Justice of the Supreme Court of New South Wales
- In office 21 March 1960 – 10 July 1983
- Nominated by: Bob Heffron
- Appointed by: Sir Eric Woodward
- Preceded by: Sir Kenneth Street
- Succeeded by: David Hodgson

Chief Judge at Common Law
- In office 1979 – 10 July 1983
- Preceded by: Robert Taylor
- Succeeded by: Colin Begg

Personal details
- Born: 10 July 1913 Albury, New South Wales
- Died: 16 September 2009 (aged 96)
- Spouse: Stephanie Scott ​ ​(m. 1944⁠–⁠1950)​
- Education: Christian Brothers College, Albury
- Alma mater: University of Sydney

= John Nagle =

Australian lawyer, jurist and soldier

John Hailes Flood "Gaffer" Nagle (1913–2009) was a lawyer, soldier and prominent jurist, who served as a justice of the Supreme Court of New South Wales, Australia, from 1960 until 1983. Nagle led high-profile inquiries into the NSW Department of Corrective Services and the assassination of political candidate Donald Mackay.

== Early life ==
Born on 10 July 1913, Nagle was the second of nine children. His father, Valentine Flood Nagle, was a solicitor in Albury. Nagle entered the University of Sydney, residing at St John's College at age 15, completing an arts degree in 1932. Four years later, he completed a law degree, allowing him to follow in the footsteps of his father, grandfather and great-grandfather, all lawyers.

A few months after Nagle was admitted to the bar, Australia declared war on Germany. Nagle enlisted and served in the 2/5th Field Regiment, seeing action in Egypt, Syria and Lebanon. Following Japan's entry into the war, the regiment was deployed to the South Pacific, where Nagle served as a paratrooper. By the war's end, he had risen to the rank of major and was second-in-command of his battalion.

In 1944, he married Stephanie Mary Gilronan Scott and they had one child, Winsome. The marriage ended in 1950.

An avid sportsman, Nagle represented the Riverina district in rugby and Jaguar in the Monte Carlo Rally.

== Legal career ==

Following the war, Nagle returned to legal practice. Among his contemporaries in Sydney's legal fraternity were future Prime Minister Gough Whitlam and future Governor-General Sir William Deane. In 1960, Nagle was appointed to the State's Supreme Court by the Heffron Labor Government, just a year after taking silk.

Nagle enjoyed the respect of politicians on both sides, however, and was selected by the Willis Liberal Government to head a royal commission into the State's troubled prison system in 1976. Two months later, with the Liberals out of office, newly-elected Labor Premier Neville Wran removed the two other members of the commission, leaving Nagle to preside alone.

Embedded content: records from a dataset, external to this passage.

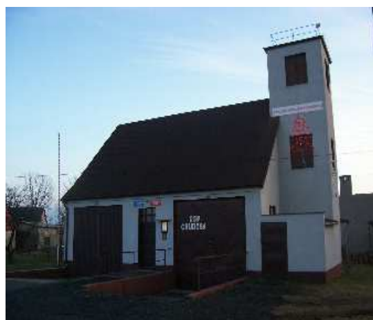
Remiza strażacka w 2008 roku
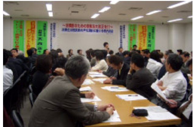
会場の第1会議室は参加者で熱い思いに包まれた

態をしっかりと把握し、来年の通常国会に改正案が上程され、法案審議してもらうときに役立ててもらうことにあり、院内集会での相談員の訴えはしっかりと届いたと言える。
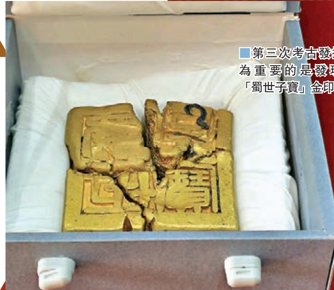
■第三次考古發掘最為重要的是發現了「蜀世子寶」金印

而二期考古出水的「蜀王金寶」，則是蜀王所有。明朝藩王金寶也被叫做金印章。根據明史記載，冊封親王時往往會用到金冊或金寶。不過每一代藩王都會有自己的金冊，而每個王府擁有的金寶則只有唯一一枚，作為明代親王在藩地發佈政令、與中央書信往來的信鑒，每個藩王府唯一的一枚金寶，在分封時就代代傳襲。
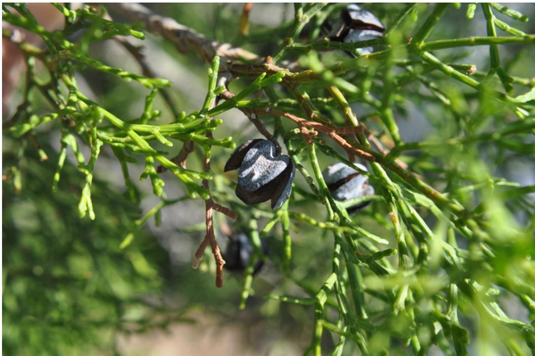
Foto 11: Tetraclinis articulata . Hojas en forma de escama y estróbilo leñoso, de forma más o menos redondeada.

(3b) Hojas en forma de escama o de tipo acicular-triangular ; estróbilos carnosos o leñosos, con las escamas opuestas o verticiladas , generalmente redondeados o un poco alargados..... CUPRESSACEAE
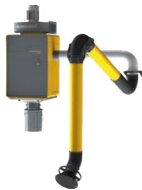
WallPro Single mit extern montiertem (EM) Absaugarm
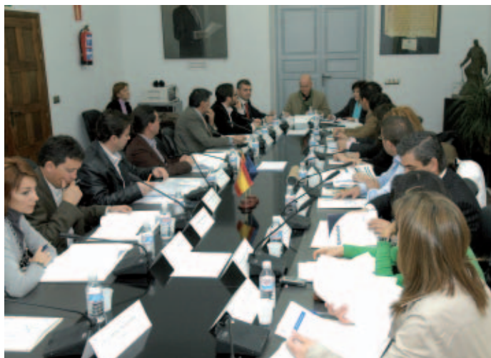
Comisión de Participación Ciudadana y Gobernanza de la FEMP.

Finalmente, el proceso culmina con la difusión de los resultados a través de los diferentes canales y soportes, el seguimiento participado a través de Comisiones Ciudadanas de Seguimiento y la rendición de cuentas o devolución del nivel de ejecución (identificación / señalización de las propuestas ejecutadas, página web, publicación, órganos municipales de participación...). ★
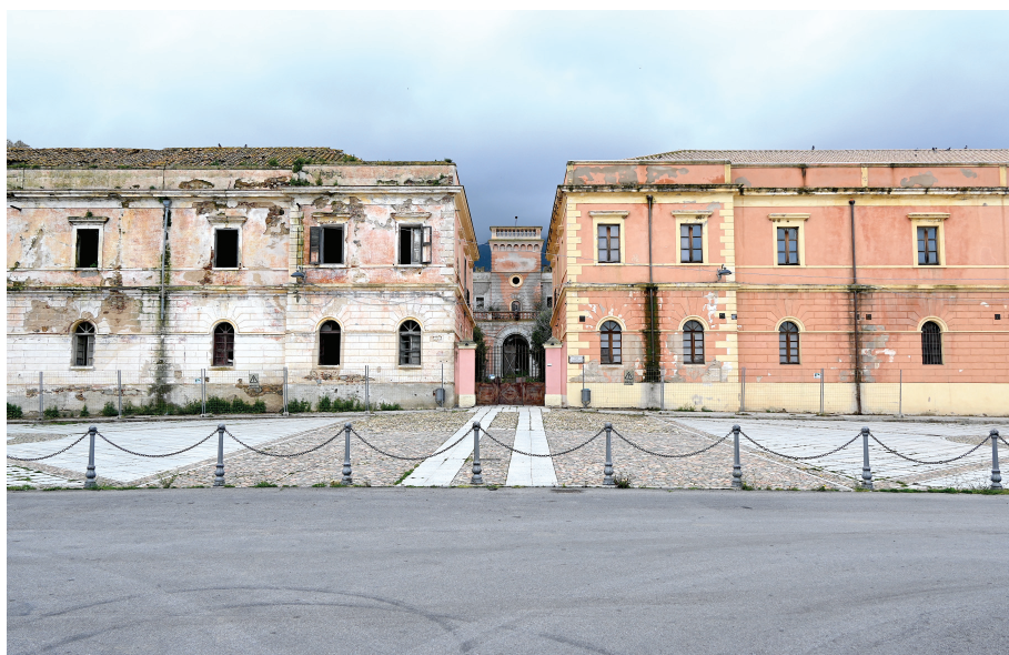
Fig. n. 7 - Vista dei due Corpi di Guardia dalla piazza antistante il penitenziario. Il linguaggio classicista, di marca palladiana, deriva, forse, da precise indicazioni ministeriali, finalizzate all'adozione di un'estetica condivisa fra le architetture istituzionali del giovane Regno d'Italia.

Nagle handed down his report in March 1978. Its 630 pages excoriated "an inefficient Department administering antiquated and disgraceful gaols; untrained and sometimes ignorant prison officers, resentful, intransigent and incapable of performing their tasks." The first of its 252 recommendations was the sacking of Commissioner of Corrective Services Walter McGeechan – though the Government dismissed McGeechan shortly before receiving Nagle's final report.

Nagle's report was influential well beyond his home State: Tony Vinson, who took over the Department from McGeechan, later observed that leading prison administrators the world over "invariably know of and allude to the Nagle Report as an important benchmark."

Nagle was promoted to chief judge at common law in 1979 and retired from the bench in 1983.

In 1981 he was appointed Officer of the Order of Australia.

== Later life ==
Nagle retired to his 700-hectare sheep and cattle property outside of Albury. Three years later, the Government recalled him to head up a special commission of inquiry into the police's handling of the assassination of Donald Mackay. Nagle's report criticised both the lead investigator, Joe Parrington, and former federal Labor minister Al Grassby.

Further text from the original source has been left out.